● **Problem description**
Give again, exactly and only, the lines running from the one with "北京时间10月12日,NBA" to the end of the material below; leave out pictures.

##### Provided records #####

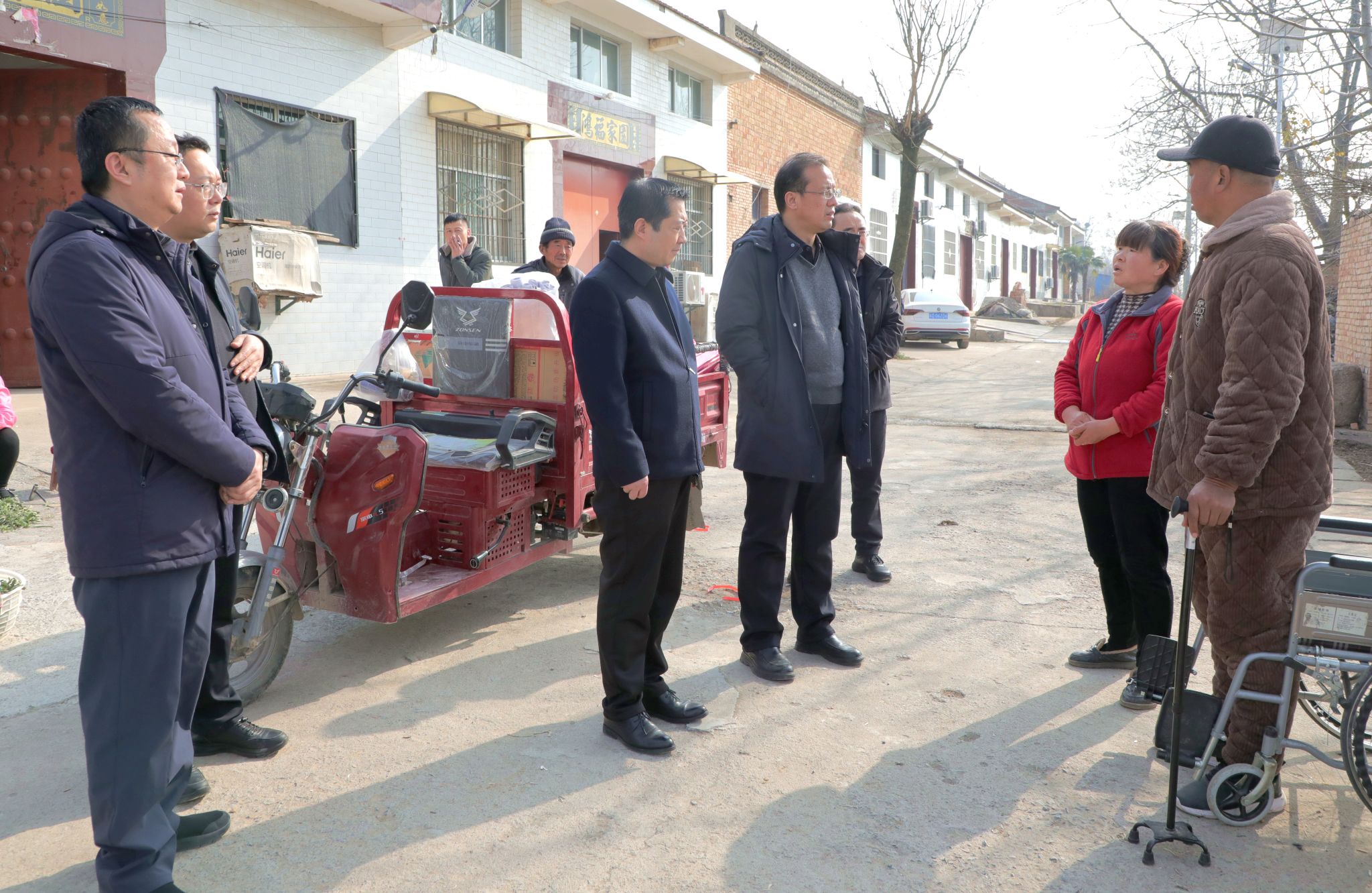 座谈会后,杨卫军一行与镇村有关负责人集中为老党员、结对帮扶的困难群众等发放了米、油、洗衣液等慰问物资。并专程来到突发疾病的原村委会主任吴金龙家中,详细询问其病情与治疗进展,鼓励他坚定信心、积极康复并送上慰问金,叮嘱驻村干部持续做好关心帮扶。
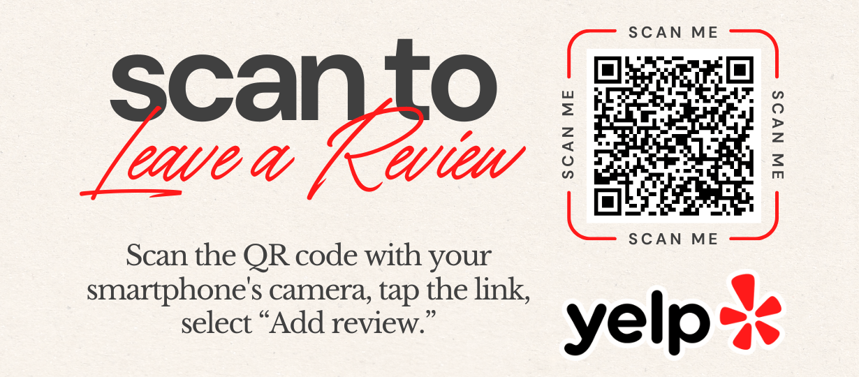 We're always striving to be our best for you! If you've had a great experience, help us spread the word! Your honest feedback on Yelp not only supports our small business but also helps future customers make confident choices. Share your experience here.
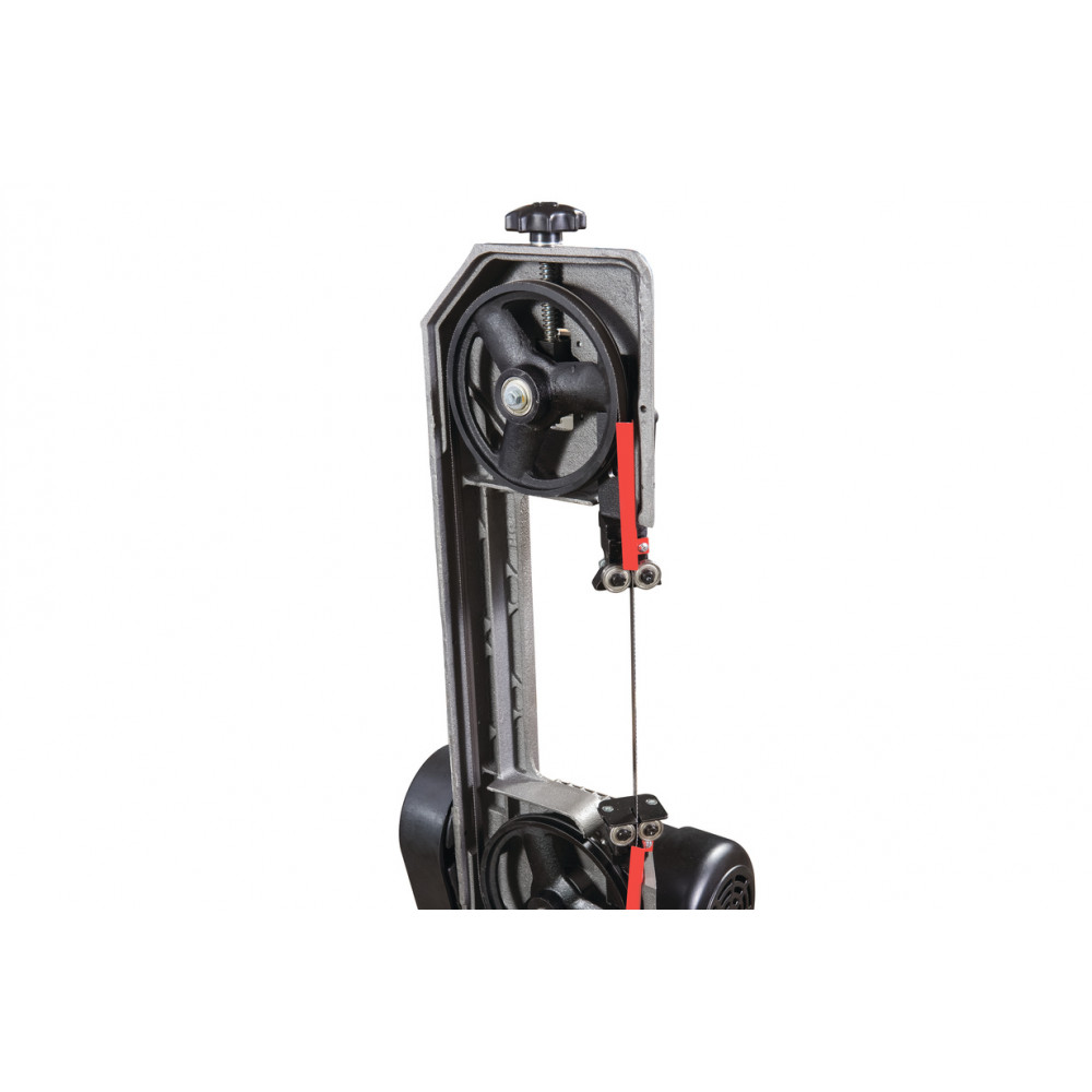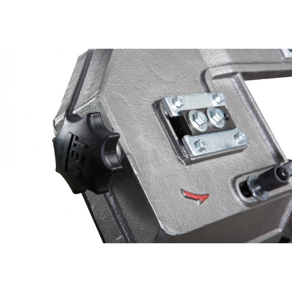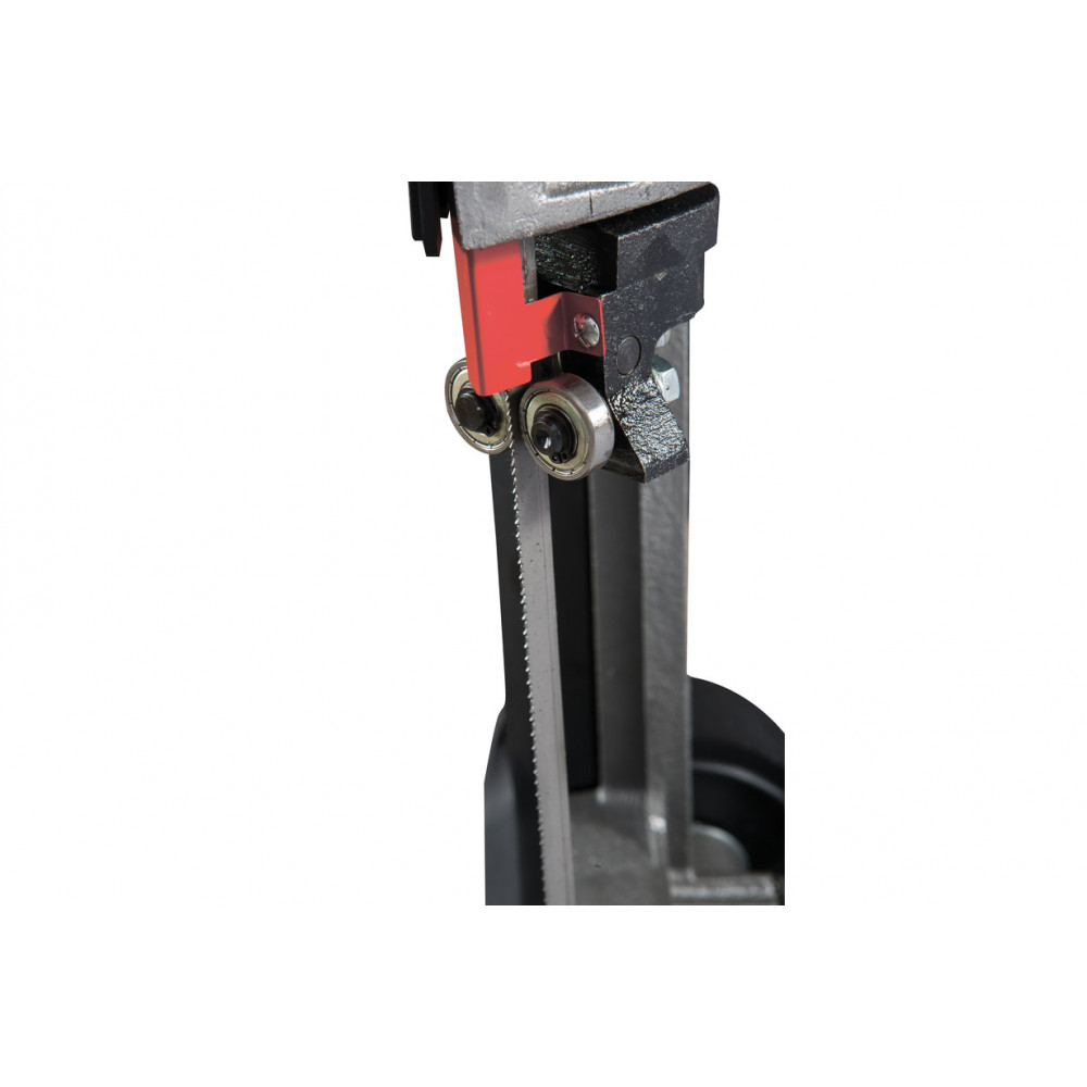 Благодаря подшипникам достигается максимальная точность распила, плюс ко всему они гарантируют постоянное перпендикулярное положение полотна по отношению к заготовке в процессе распила. Отрегулировать натяжение полотна можно вручную, в этом вам поможет маховик, расположенный в торцевой части станочной рамы. Чтобы закрепить заготовки используют механические тиски, а для установки их в необходимом вам положении предусмотрен концевой упор. Вручную также осуществляется подача охлаждающей и смазывающей жидкости.
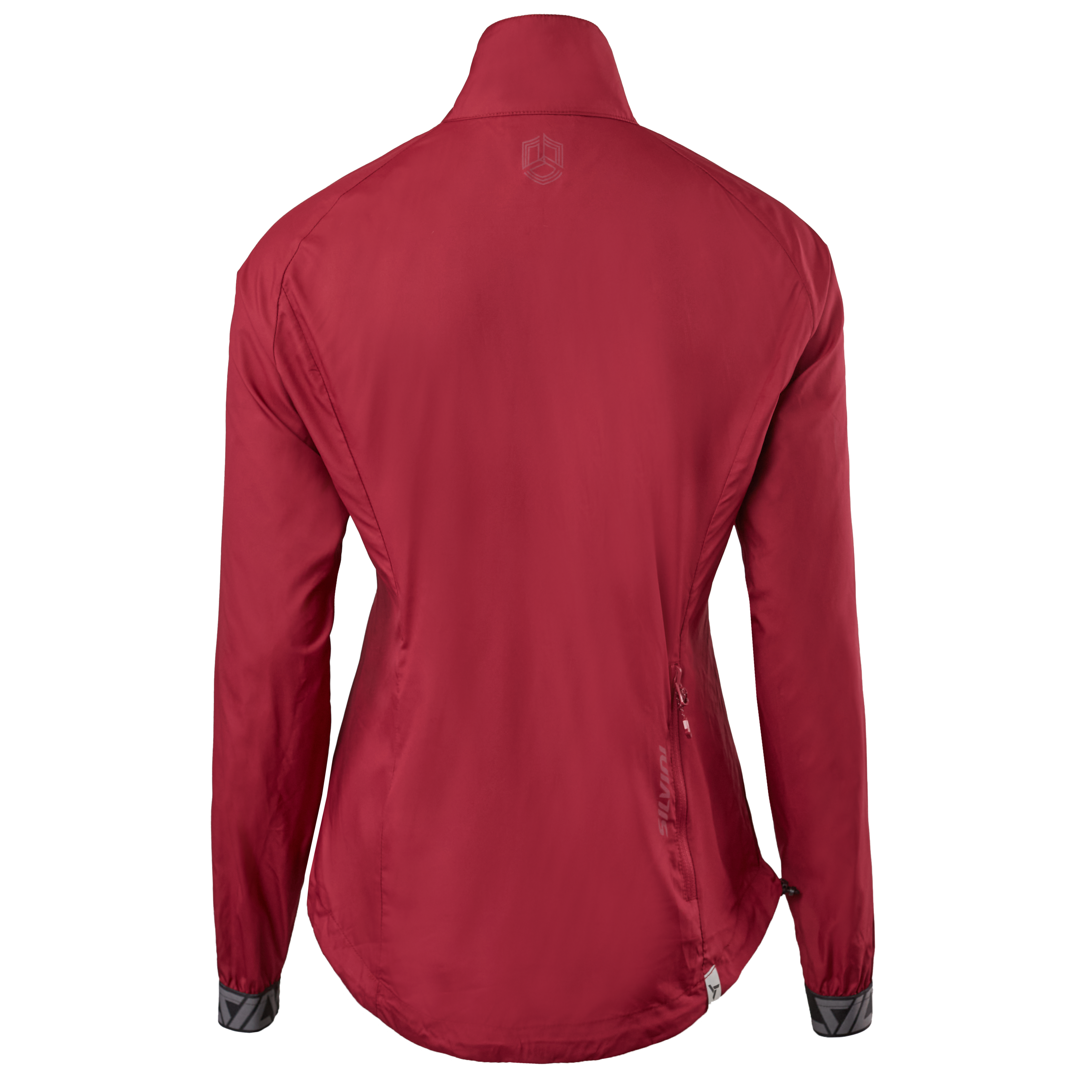 Women's windproof jacket adapted for riding a gravel bike made of Windbreaker material. The jacket is very light and easy to pack. It has a loose fit, several reflective elements and a back zipped pocket.
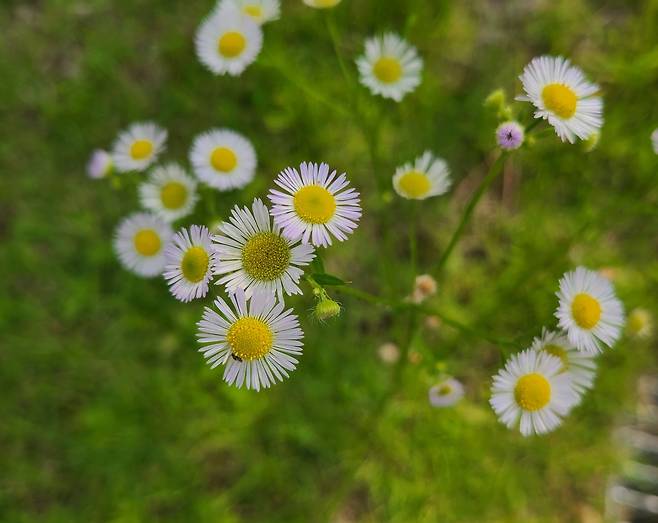 개망초는 일제 강점기에 들어온 식물이라 나라가 망(亡)할 때 들어온 풀(草)이라는 뜻과 기존 식물보다 못한 식물에 붙이는 접두어 ‘개’가 붙어서 개망초라고 불려요. 개망초는 잎, 줄기, 뿌리에서 다른 식물이 잘 자라지 못하게 하는 화학물질을 뿜어요. 그리고 날개 달린 씨앗으로 빠르게 퍼져나가서 넓은 풀밭을 보면 개망초를 쉽게 찾을 수 있답니다. 개망초의 꽃은 계란후라이를 연상케 해요. 꽃이 피기 전에 개망초를 먼저 찾아봐요
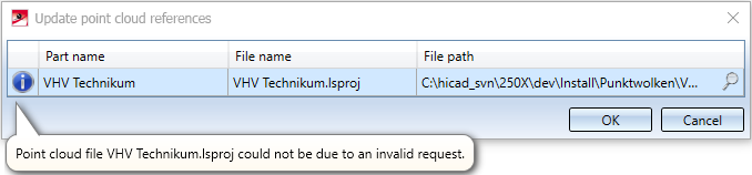 If HiCAD does not find a point cloud contained in a model drawing when loading it, the Update point cloud references dialogue window is automatically displayed. If you move the cursor over the
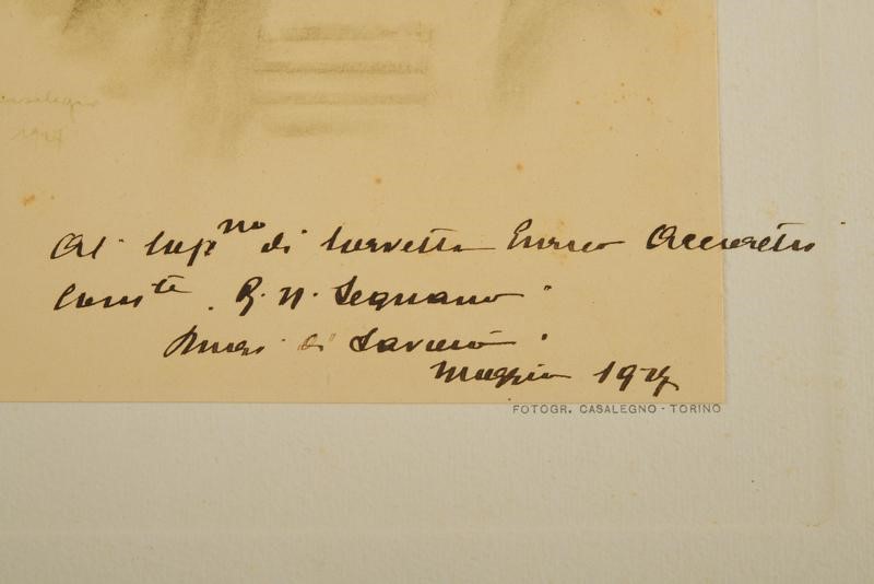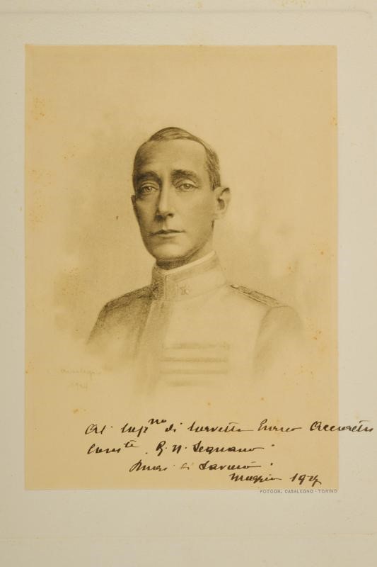 Fotografia di un ritratto del Duca di Savoia con dedica "Al. Cap.no di corvetta Enrico Accorretti Com.te R. N. Legnano. Duca di Savoia. Maggio 1927." Su passe-partout.
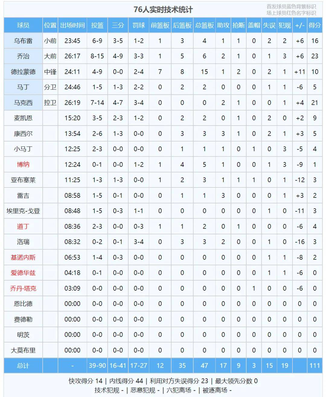 北京时间10月12日,NBA季前赛,森林狼121比111战胜76人。恩比德休战,乔治迎来自己的76人首秀,他只打了26分17秒,15中8砍下23分6板2助1断,正负值 6。爱德华兹出战23分半,14中7拿到16分4板3助1断,正负值是0。
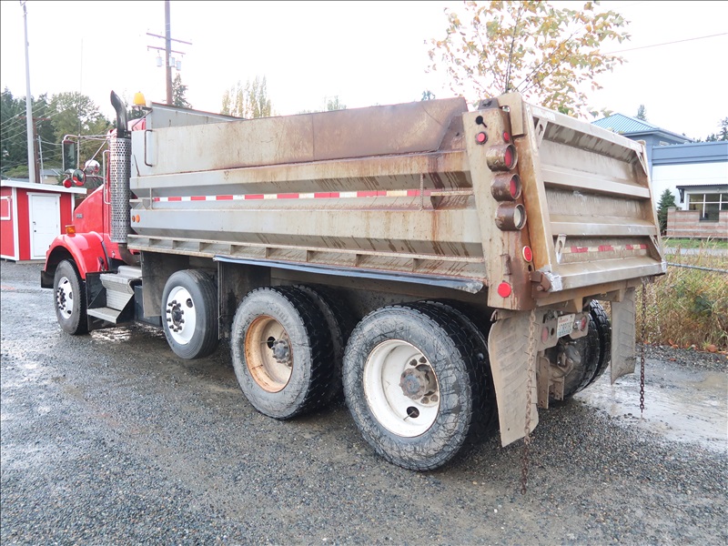 TRI/A, DUMP TRUCK, 15' STEEL BOX, 435 HP, CAT C15, 18 SPD, HAULMAXX SUSPENSION, 215" W/B, 14,600 LB FRONT, 46,000 LB REARS, 4.30 RATIO, DROP AXLE, PLUMBED FOR PUP, DBL LOCKERS, DBL FRAME
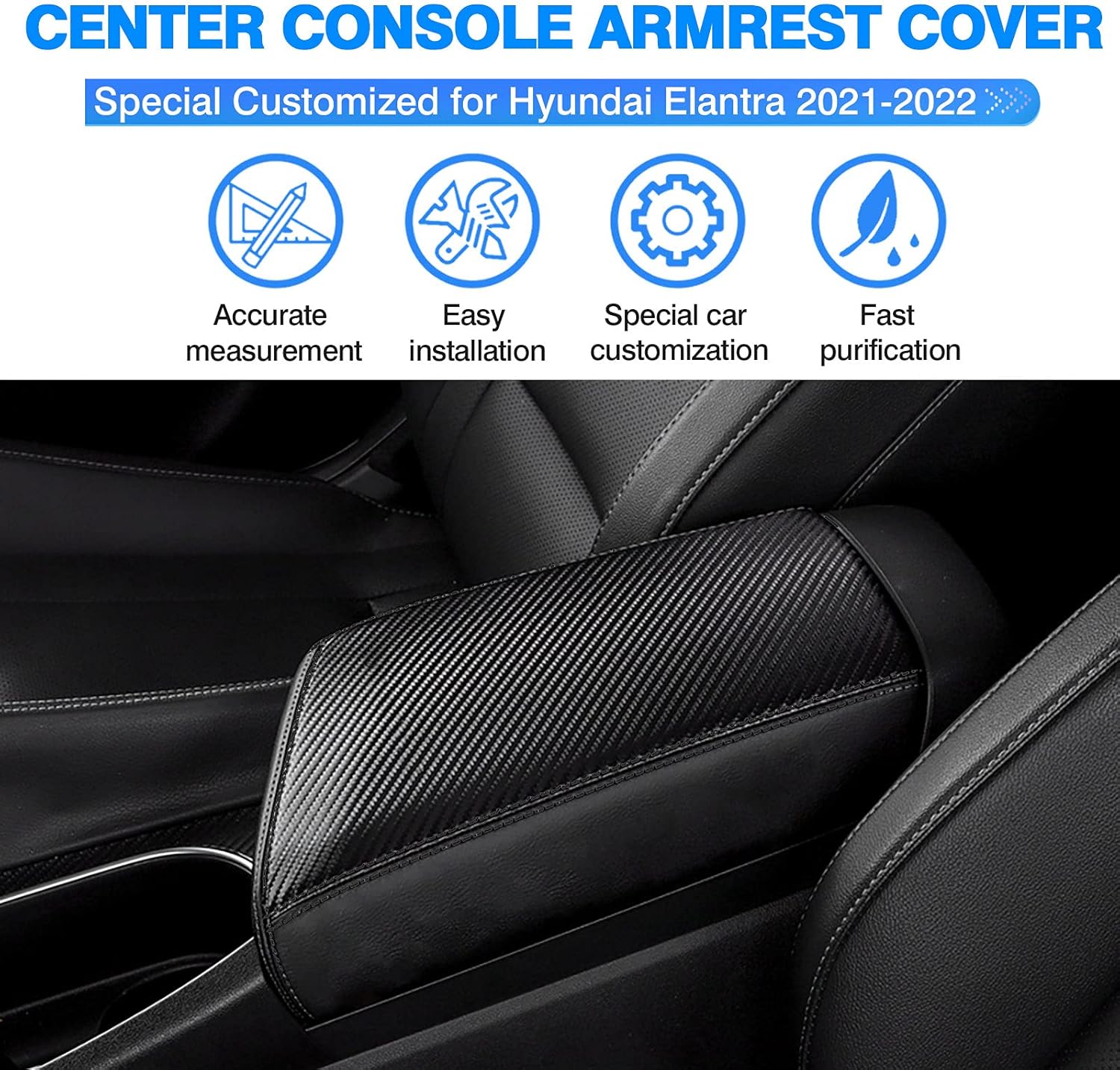 Autorder Center Console Cover for Hyundai Elantra 2021-2025 2026 Accessories Carbon Fiber Armrest Cover Anti-Scratch Leather Armrest Protector (Automatic Brake Only, Not for Handbrake)

#####

● **Exercise output**
 北京时间10月12日,NBA季前赛,森林狼121比111战胜76人。恩比德休战,乔治迎来自己的76人首秀,他只打了26分17秒,15中8砍下23分6板2助1断,正负值 6。爱德华兹出战23分半,14中7拿到16分4板3助1断,正负值是0。
 TRI/A, DUMP TRUCK, 15' STEEL BOX, 435 HP, CAT C15, 18 SPD, HAULMAXX SUSPENSION, 215" W/B, 14,600 LB FRONT, 46,000 LB REARS, 4.30 RATIO, DROP AXLE, PLUMBED FOR PUP, DBL LOCKERS, DBL FRAME
 Autorder Center Console Cover for Hyundai Elantra 2021-2025 2026 Accessories Carbon Fiber Armrest Cover Anti-Scratch Leather Armrest Protector (Automatic Brake Only, Not for Handbrake)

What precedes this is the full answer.